Efforts are under way to develop a project utilising cassava for chicken feed here, which should result in an overall reduction of food prices, enhanced food security, and reduced dependency on food and feed imports.

If all goes as planned , by the end of next month a joint public and private sector committee, aimed at spearheading a feasibility study and the overall project implementation, should be installed and the terms of reference finalised for Government’s approval.

Word of this came today as over 50 stakeholders, including processors, farmers, representatives from Pinnacle Feeds Ltd., and regional and international partner organisations met at the Sherbourne Conference Centre for a half-day seminar on ‘Developing Cassava for Food & Feed in Barbados’ .

In addressing the meeting, Minister of Agriculture and Rural Development, Senator Haynesley Benn, pledged Government’s commitment to the project, while urging practitioners to play their part to expedite the process.

“Whatever there is and whatever it will take to make this venture become a reality, let us put it on the table…let us make sure that in a year or so we can boast of locally produced feed from cassava as opposed to corn,” he encouraged.

Minister Benn, who admitted that he was “heartened by what he was hearing”, spoke of follow-up discussions with the Prime Minister, whom he described as being “keen on this process as well.”

Describing the venture as “exciting”, the Agriculture Minister said he had also held discussions with the Minister of State in the Ministry of Finance and Economic Affairs, Senator Darcy Boyce, regarding the prospects of taking 1,000 acres of land at the Barbados Agricultural Management Co. Ltd. (BAMC) and put it aside for food production. The majority of this would be for cassava production.

“Let us put our hands to the plough and our heads together,” he urged, while imploring industry personnel to avail themselves of the rebates and incentives offered by Government.

In addressing the seminar, President of the BAS, Wendell Clarke, alluded to the rising cost of chicken feed, charging that the time had passed when extra money could be used to purchase feed, since one now required a “bank loan” to do so.

“It is expedient that we have seminars like this, since we have no choice but to find ways and means of reducing input costs, of which feed is primary,” he said.

The BAS President , who expressed the hope that the project would be expedited in a timely fashion, called for a fact-finding team to be sent to Columbia in an effort to gauge best practices for adoption here.

In delivering a presentation on ‘Barbados Cassava & Sweet Potato Industry – Consumption, Production, Trade, Opportunities & Challenges’, Chief Agricultural Officer , Barton Clarke , estimated the current level of local cassava production at about $1 million, with the current demand for cassava flour standing at 3, 628. 74 kg (8,000 pounds) per month, while the current supply was “significantly less.”

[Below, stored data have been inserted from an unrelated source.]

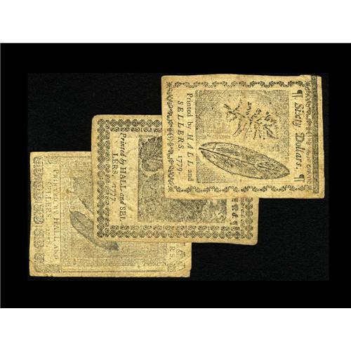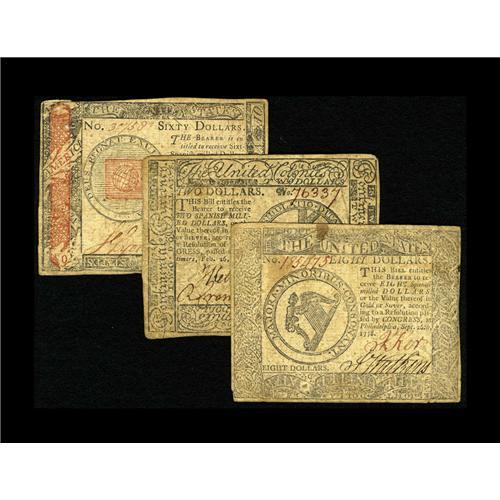 <B>A Trio of Continentals</B></I><BR>Continental Currency February 26, 1777 $2 <B>About New</B></I><BR>Continental Currency September 26, 1778 $8 <B>VF</B></I><BR>Continental Currency January 14, 1779 $60 <B>XF.</B></I><BR><I>From The Plymouth Rock Collection</B></I>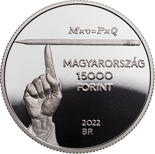 A közlemény szerint az ezüst és a színesfém emlékérmék érmeképei megegyeznek, csak az értékjelzésben térnek el. Az emlékérme előlapjának központi motívuma egy ceruzát egyensúlyozó kezet ábrázol. A ceruza Milton Friedman előadásain rendszeresen megjelenő eszköz volt, amelyet szemléltető példaként használt a szabadpiaci hatások és a társadalmi együttműködés összefüggéseinek megismertetésére. A ceruza ábrázolása fölött a mennyiségi pénzelmélet friedmani újraértelmezésében központi szerepet játszó, a pénz forgalmi egyenletét leíró képlet –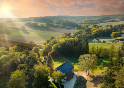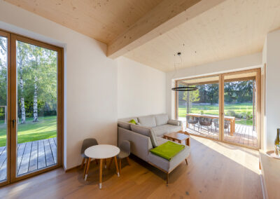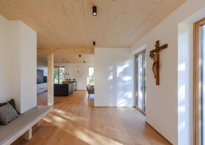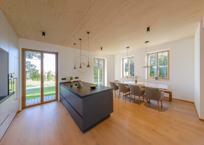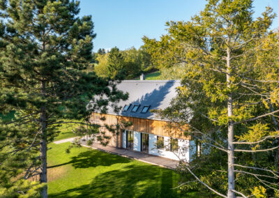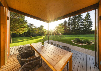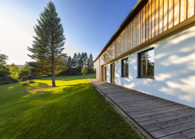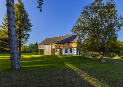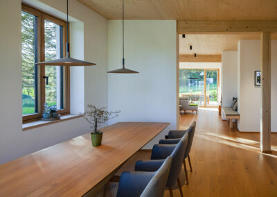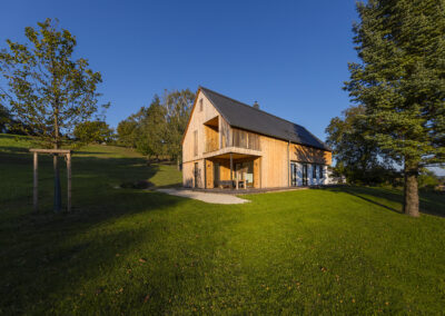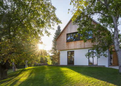 Eine sehr gelungene Kombination aus offener, moderner Wohnatmosphäre und der Behaglichkeit von heimeligem Holz wurde auf einem ausgedehnten Traum-Grudstück in der sanft gewellten Landschaft des Weinviertels realisiert.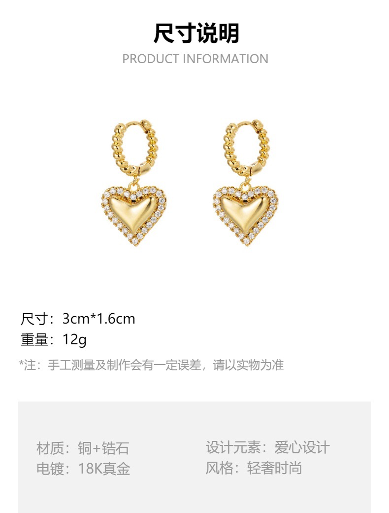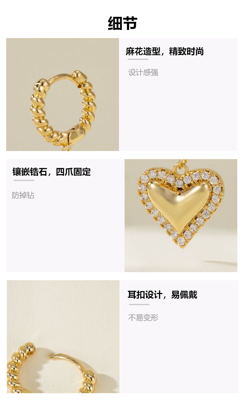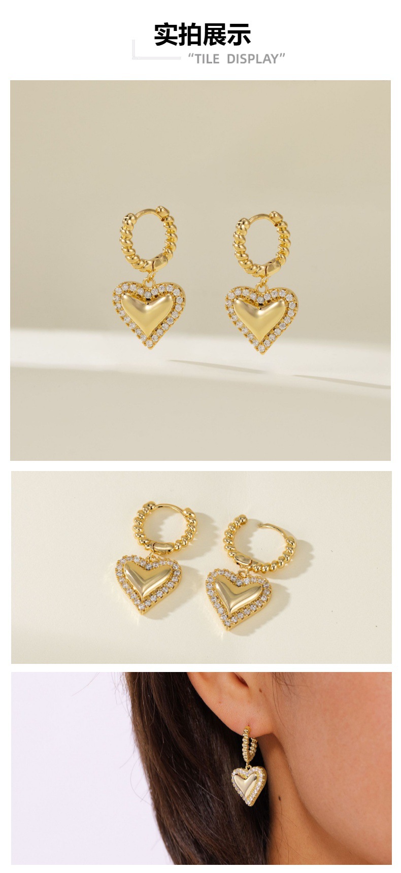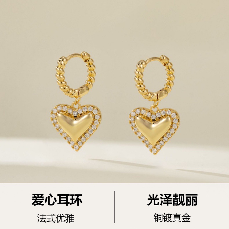 铜镀18K金镶锆石爱心耳环 法式复古时尚高级感耳环现货批发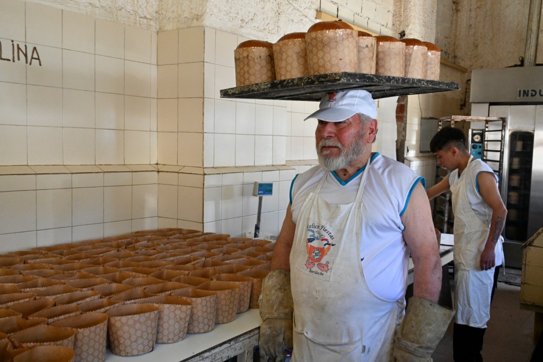 La máquina está programada para amasar la mezcla de lo que serán 120 pan dulces. Un joven dispone los moldes vacíos en un marmol, mientras Nicolás coloca en una bandeja aquellos que ya salieron del horno rotativo y están listos. De pronto la amasadora se detiene, la mezcla cruda es dividida en decenas de bollitos que Nicolás azota, uno a uno, contra el marmol y termina de redondearlos. Les pone la fruta y los coloca en el molde para pintar la parte superior con huevo y llevarlos al horno. Este proceso se repite varias veces al día desde el último fin de semana y hasta los días previos a la Navidad.

While there is a definite opportunity, Mr. Clarke cited pests and diseases, land availability, water, harvesting, the food versus feed/ fuel dilemma, and improving the nutritional content of cassava as among the major challenges.

In terms of land, he stressed that with at least 1,700 hectares needed to produce cassava, the question was where it would come from, and whether one would replace sugar cane with cassava production or utilise idle lands.

“Is it more prudent to grow cassava and feed it to the chickens or eat it directly? Those are the questions we will have to ask ourselves,” he added.

Mr. Clarke listed a tissue culture lab, the Government’s Analytical Lab, a designated officer, researchers, extension officers, land and equipment as among the resources which would be made available by Government to prospective farmers. He said commitment, markets for production, land, management skills, financing, feed manufacturing and research capability could be possible contributions from the private sector.